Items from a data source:
________________________
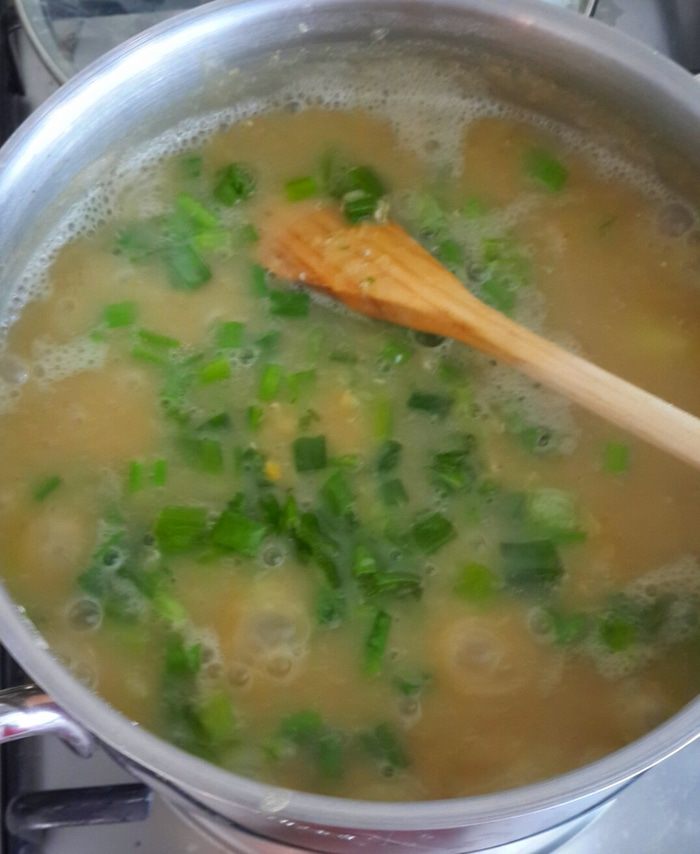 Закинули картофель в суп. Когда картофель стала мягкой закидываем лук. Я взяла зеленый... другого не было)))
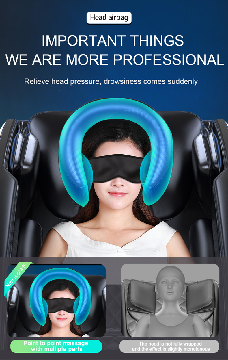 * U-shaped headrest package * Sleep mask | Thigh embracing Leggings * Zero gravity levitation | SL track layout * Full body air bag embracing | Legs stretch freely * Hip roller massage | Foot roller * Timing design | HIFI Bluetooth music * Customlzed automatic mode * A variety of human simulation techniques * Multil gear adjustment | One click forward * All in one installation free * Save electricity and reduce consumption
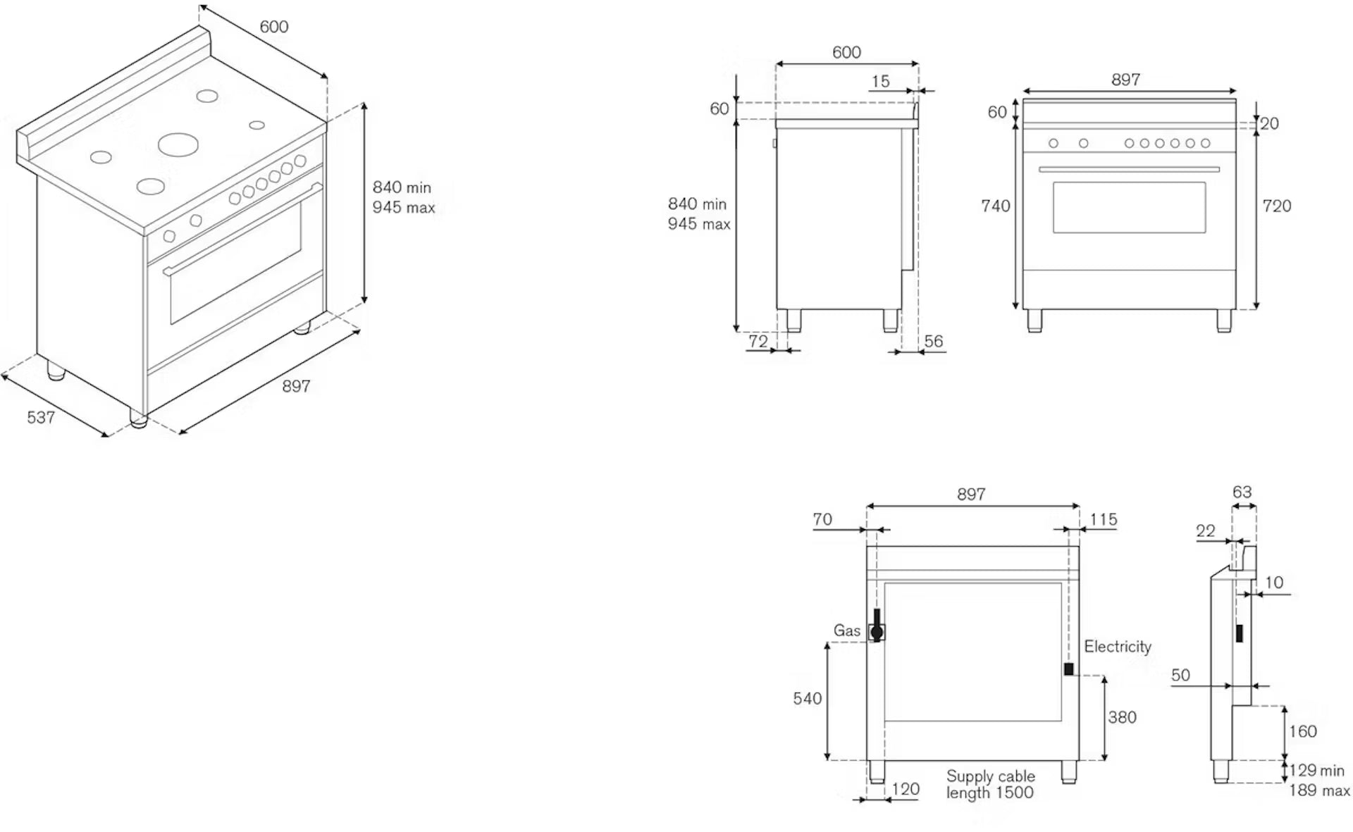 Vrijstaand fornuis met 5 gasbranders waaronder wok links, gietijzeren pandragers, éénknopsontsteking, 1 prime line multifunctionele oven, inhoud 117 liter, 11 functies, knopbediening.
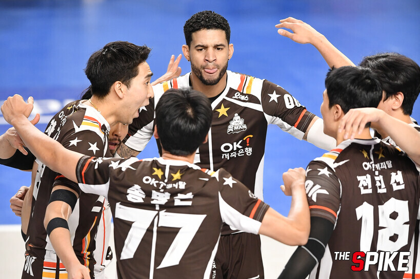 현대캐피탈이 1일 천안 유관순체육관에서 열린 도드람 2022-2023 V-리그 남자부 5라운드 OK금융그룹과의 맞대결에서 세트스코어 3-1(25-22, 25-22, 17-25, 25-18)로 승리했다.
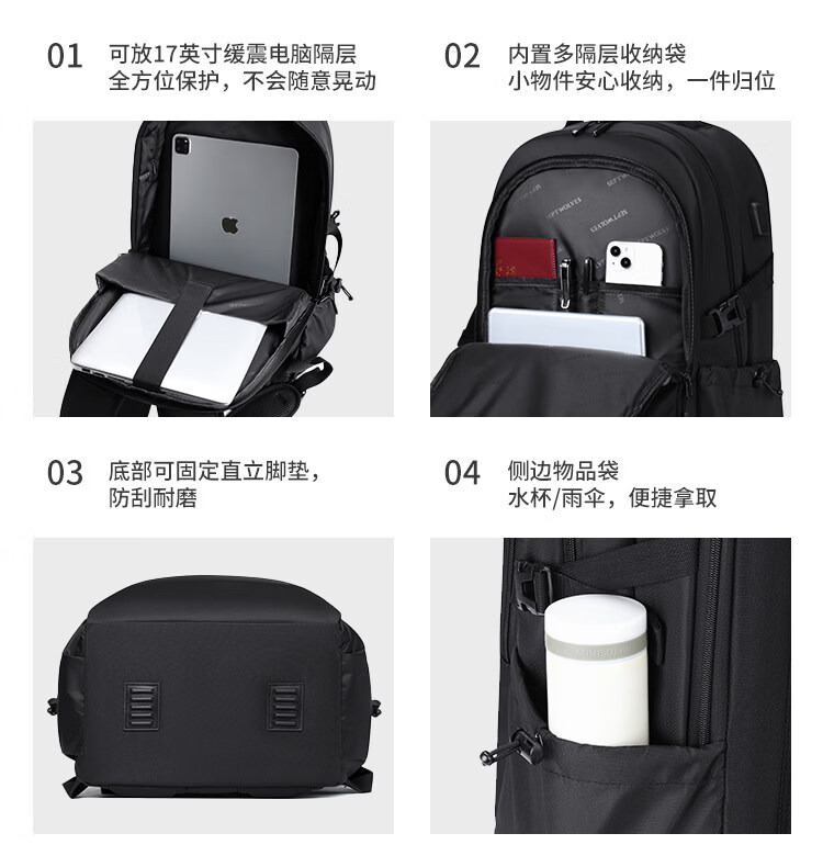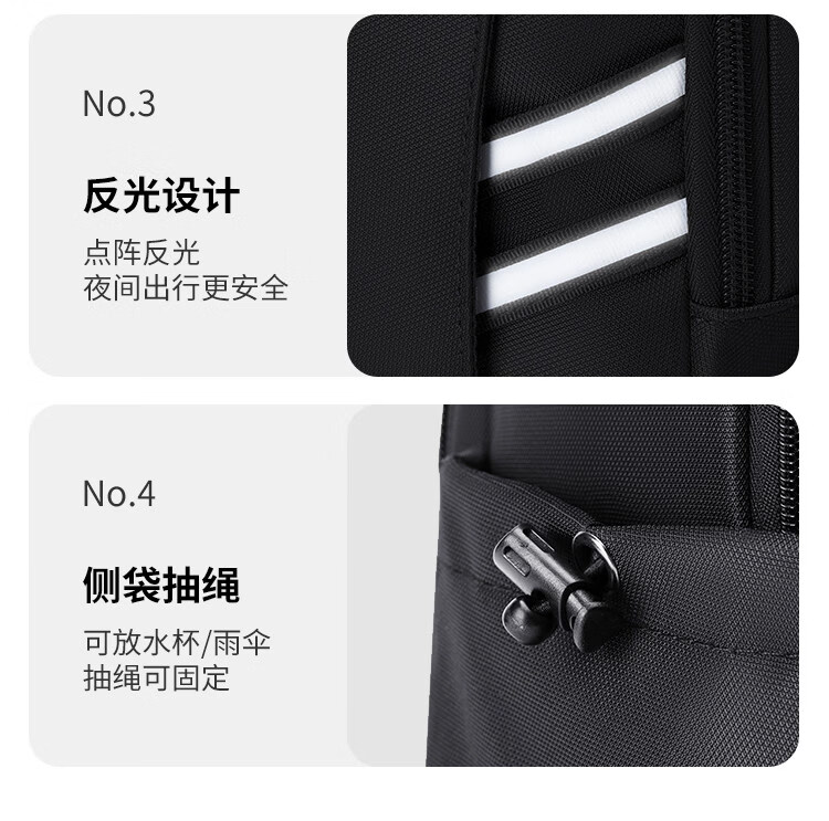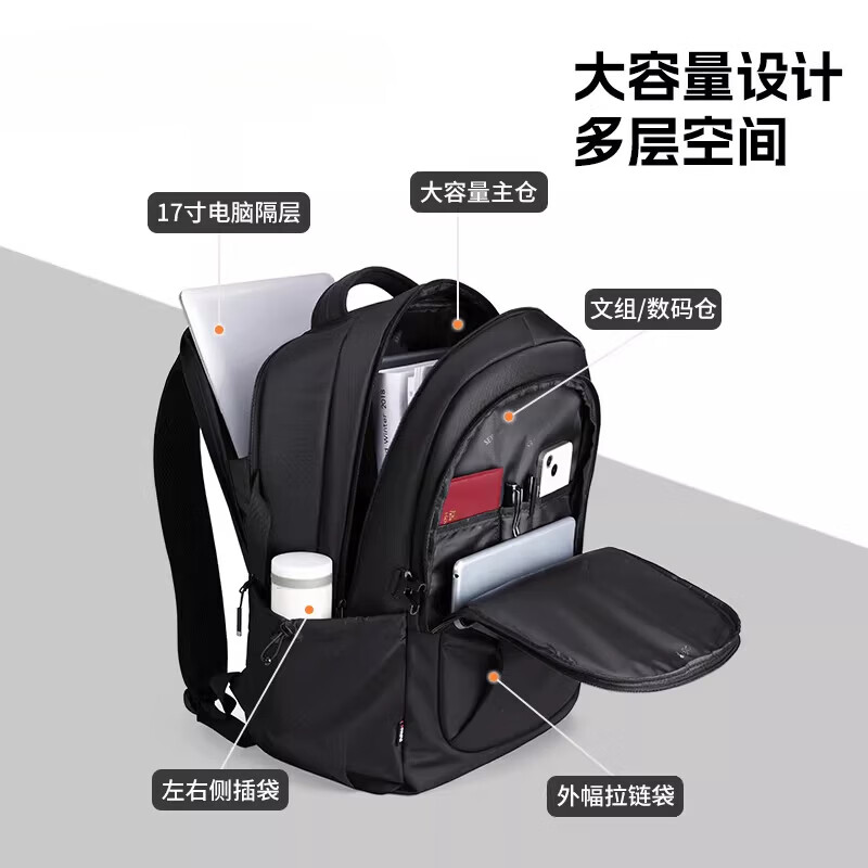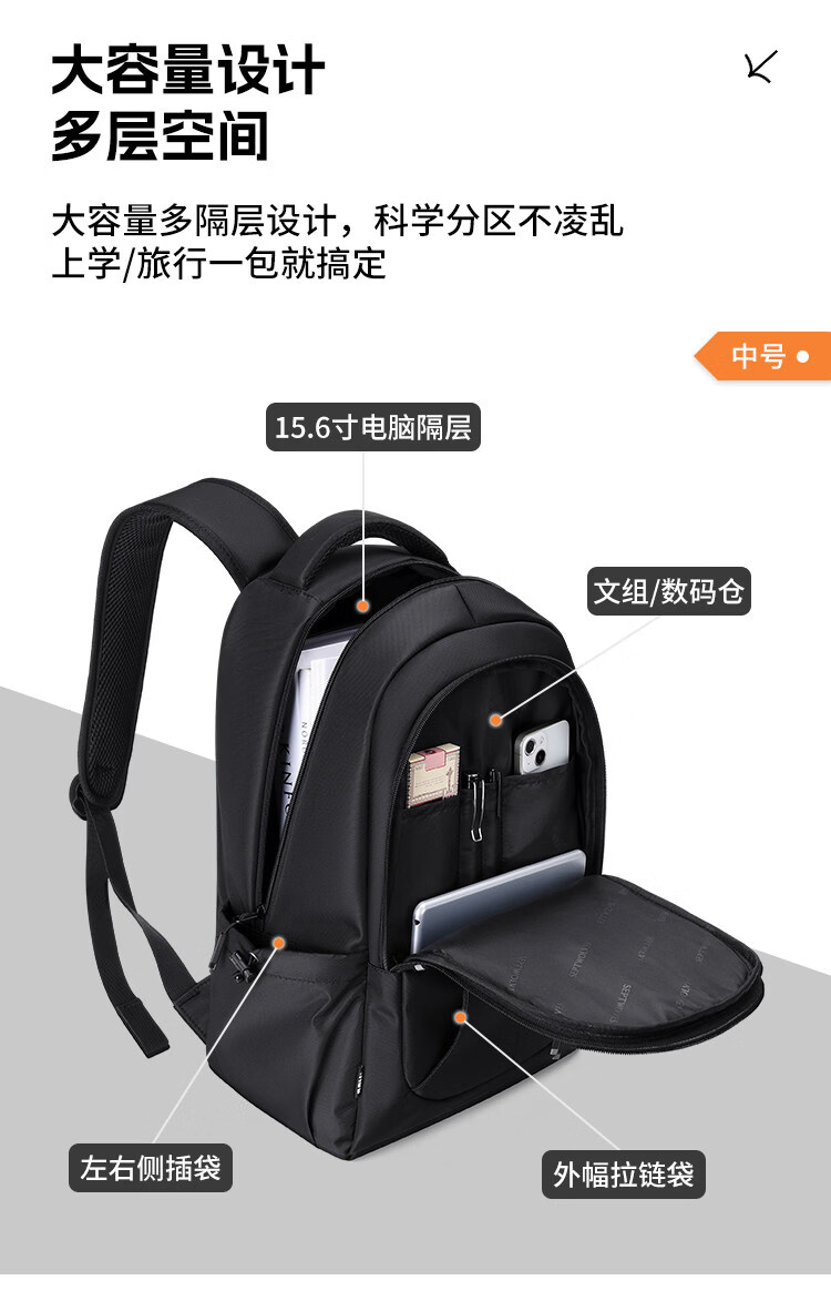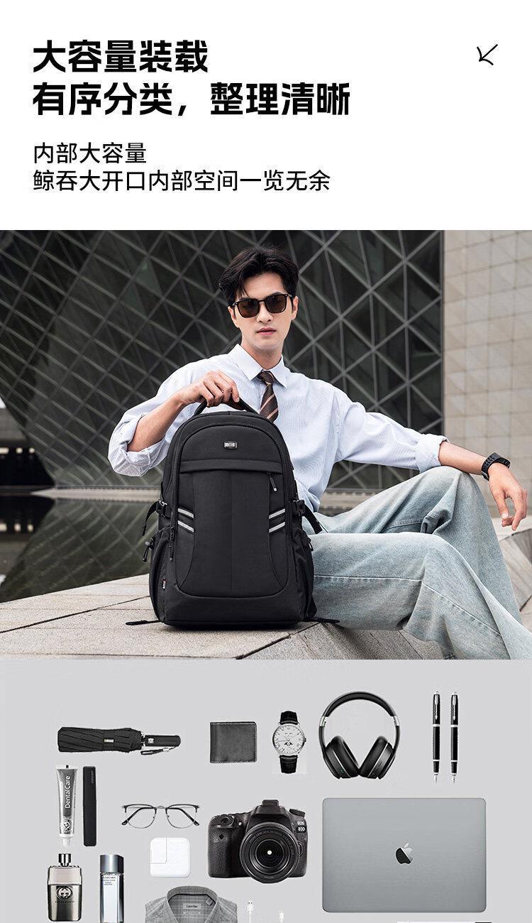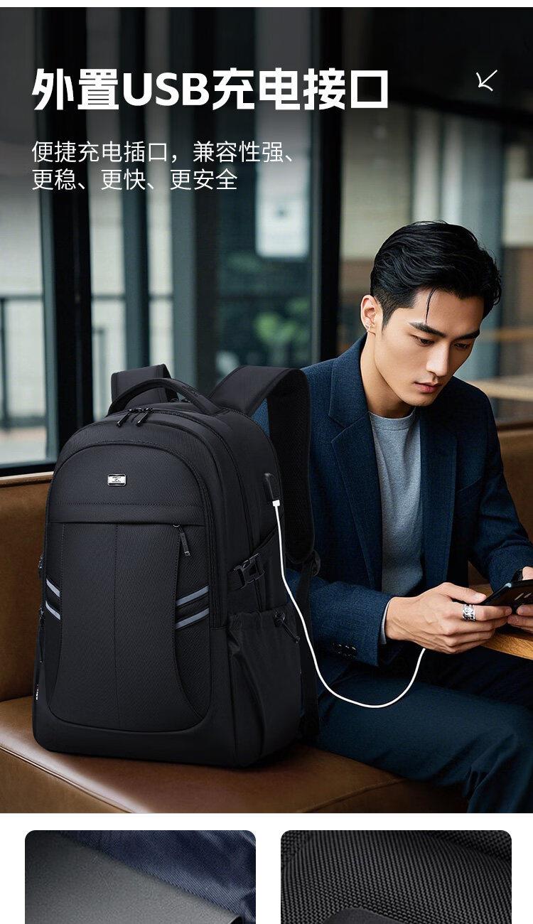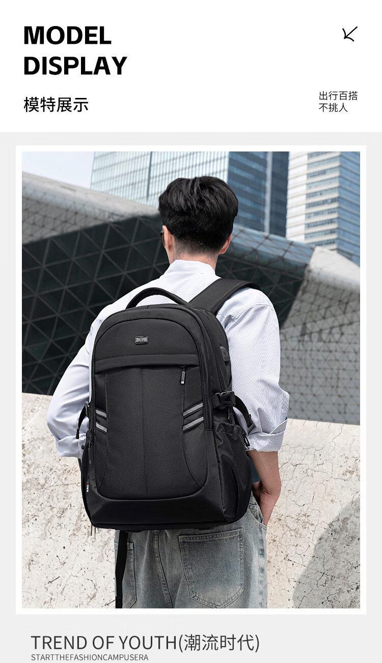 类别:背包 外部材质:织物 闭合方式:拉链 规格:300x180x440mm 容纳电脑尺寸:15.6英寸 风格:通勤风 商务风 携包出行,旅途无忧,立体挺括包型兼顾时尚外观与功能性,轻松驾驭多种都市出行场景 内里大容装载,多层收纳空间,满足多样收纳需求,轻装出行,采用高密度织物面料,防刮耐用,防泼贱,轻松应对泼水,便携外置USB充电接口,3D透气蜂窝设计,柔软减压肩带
________________________
TASK.
Faithful copy, images left out: write out every line of data.

RESPONSE FOR THIS EXERCISE.
 Закинули картофель в суп. Когда картофель стала мягкой закидываем лук. Я взяла зеленый... другого не было)))
 * U-shaped headrest package * Sleep mask | Thigh embracing Leggings * Zero gravity levitation | SL track layout * Full body air bag embracing | Legs stretch freely * Hip roller massage | Foot roller * Timing design | HIFI Bluetooth music * Customlzed automatic mode * A variety of human simulation techniques * Multil gear adjustment | One click forward * All in one installation free * Save electricity and reduce consumption
 Vrijstaand fornuis met 5 gasbranders waaronder wok links, gietijzeren pandragers, éénknopsontsteking, 1 prime line multifunctionele oven, inhoud 117 liter, 11 functies, knopbediening.
 현대캐피탈이 1일 천안 유관순체육관에서 열린 도드람 2022-2023 V-리그 남자부 5라운드 OK금융그룹과의 맞대결에서 세트스코어 3-1(25-22, 25-22, 17-25, 25-18)로 승리했다.
 类别:背包 外部材质:织物 闭合方式:拉链 规格:300x180x440mm 容纳电脑尺寸:15.6英寸 风格:通勤风 商务风 携包出行,旅途无忧,立体挺括包型兼顾时尚外观与功能性,轻松驾驭多种都市出行场景 内里大容装载,多层收纳空间,满足多样收纳需求,轻装出行,采用高密度织物面料,防刮耐用,防泼贱,轻松应对泼水,便携外置USB充电接口,3D透气蜂窝设计,柔软减压肩带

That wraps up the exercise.